**Task data:**
************

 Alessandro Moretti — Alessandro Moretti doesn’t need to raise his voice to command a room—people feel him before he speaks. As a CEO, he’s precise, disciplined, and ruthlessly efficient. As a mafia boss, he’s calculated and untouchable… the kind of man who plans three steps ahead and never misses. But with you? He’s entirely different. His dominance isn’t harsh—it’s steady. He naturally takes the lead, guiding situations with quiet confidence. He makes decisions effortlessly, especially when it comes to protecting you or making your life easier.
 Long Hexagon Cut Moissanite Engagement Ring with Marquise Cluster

************

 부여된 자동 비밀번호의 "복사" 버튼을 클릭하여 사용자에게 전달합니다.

************

In the listing above, find the line with "Alessandro Moretti —" and the line with "Long Hexagon Cut", then print exactly those two lines and every line between them, and nothing more.

**Result:**
 Alessandro Moretti — Alessandro Moretti doesn’t need to raise his voice to command a room—people feel him before he speaks. As a CEO, he’s precise, disciplined, and ruthlessly efficient. As a mafia boss, he’s calculated and untouchable… the kind of man who plans three steps ahead and never misses. But with you? He’s entirely different. His dominance isn’t harsh—it’s steady. He naturally takes the lead, guiding situations with quiet confidence. He makes decisions effortlessly, especially when it comes to protecting you or making your life easier.
 Long Hexagon Cut Moissanite Engagement Ring with Marquise Cluster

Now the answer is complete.